Priority projects might not look obvious either. The projects that are the top of the list may not appear that exciting from the outside. Here’s how you spot a priority project.

They enable something else

Some projects aren’t glamorous in themselves. Think, for example, of a network upgrade. That doesn’t sound very “priority”. It’s infrastructure, it has probably been planned for a few years as the relevant team would have been aware that the kit was coming to end of life. It’s not wildly expensive or likely to make headlines.

But without the network, the underlying infrastructure, you can’t deliver anything else. That e-commerce project would fail as response times for customers would be too slow. The secure project management tool you want to roll out wouldn’t perform well and project teams would get frustrated, going back to their old tools and wasting the investment. There are plenty of other examples I’m sure you can think of too: without the network to enable the other projects, the other projects are dead in the water.

That’s why enabling projects can be the top priority.

They deliver part of the strategy

Think mobile, BYOD or whatever is hot in your industry right now. Your company strategy may include projects like those or something else entirely, but the concept is still the same. If your project completes deliverables that help achieve the strategy, it’s a priority. The strategy is where the company is going and it makes sense that initiatives which will help the business achieve that take priority over smaller, tactical projects.
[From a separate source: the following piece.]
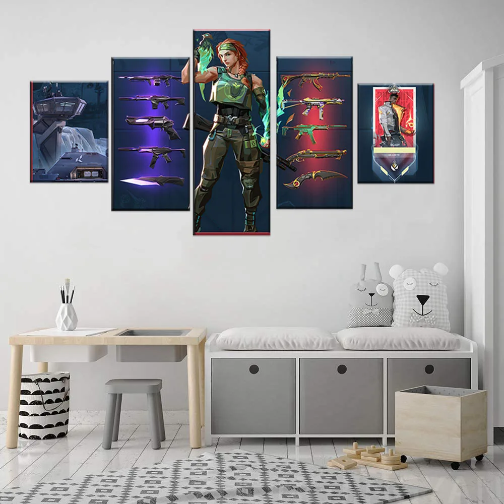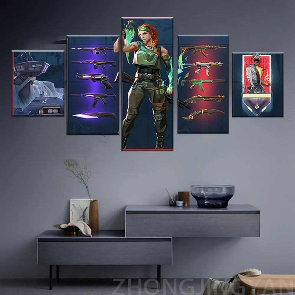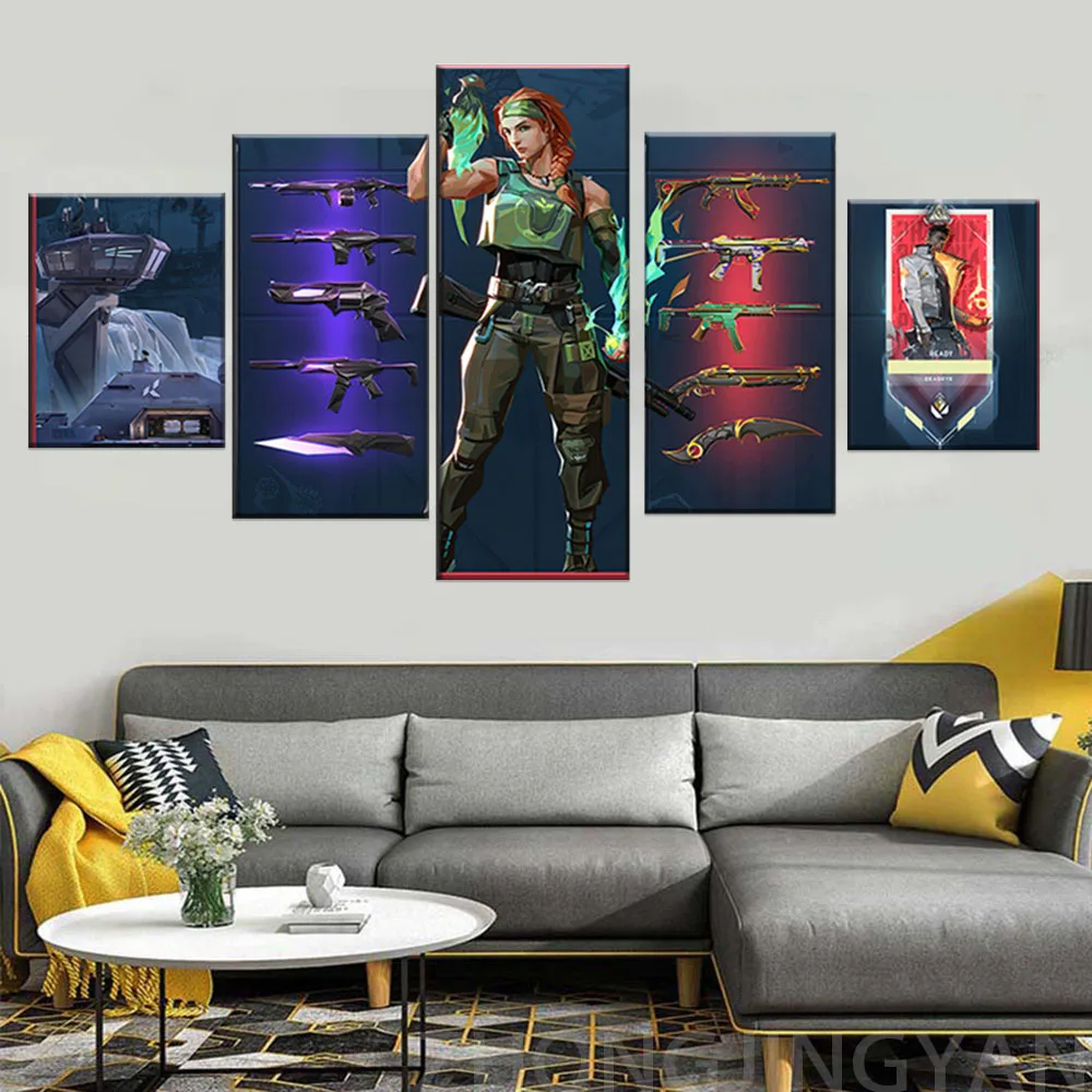 5 панелей Скай, валорант, игровой плакат, Картина на холсте, настенное искусство, домашний декор, плакаты и принты, украшение гостиной

They have high management attention

You can spot a priority project by how many people get the project updates. When you report your project to the C-suite, it’s a priority. If it’s a priority for the board then it’s likely to be top of someone’s To Do list.
The projects with lots of attention and interest from senior management are often seen as the priority, even if they aren’t “important” in the traditional sense. That also means that you may find your project is a priority even though it delivers very little of value and is not strategic. The right sponsor can get your project allocated top priority status even if other projects would definitely be more worthy of the title.

This is the flip side of priority projects: sometimes an objective eye would reclassify your company’s priorities based on more measureable criteria than who played golf with which customer at the weekend. However, there are plenty of office politics in project management and if this happens to you it won’t be the first time that a board member or other senior manager has claimed their pet project is the new business imperative.

They suck up resources

Priority projects suck up resources. If your project is losing resources (people, money, equipment) to another project it’s a sure sign that the other has a higher priority status than yours.

There’s nothing you can do about this. Find ways to manage your project without those resources and replan if you have to deliver less scope, over a longer time period and to a reduced budget.

They are on the list

There is one, final, easy way to tell if your project is a priority: it will be on the list. Some Project Management Offices have project prioritisation spreadsheets. Simply look up your project on the list and see where it falls in relation to everyone else’s projects. If a list or ranking like this exists in your PMO then it’s really easy to see where you fall in the priority stakes.

If you don’t have a list like this but do have a PMO, ask them to think about prioritising the projects against one another like this. It will make some decisions far easier, such as choosing which project takes priority for software changes, resources and so on. It helps everyone – even if your project isn’t in the top 10 at least you know where you stand and can help the other project managers achieve company objectives by being flexible and accommodating if you have to make changes to your own work schedules because of their requirements.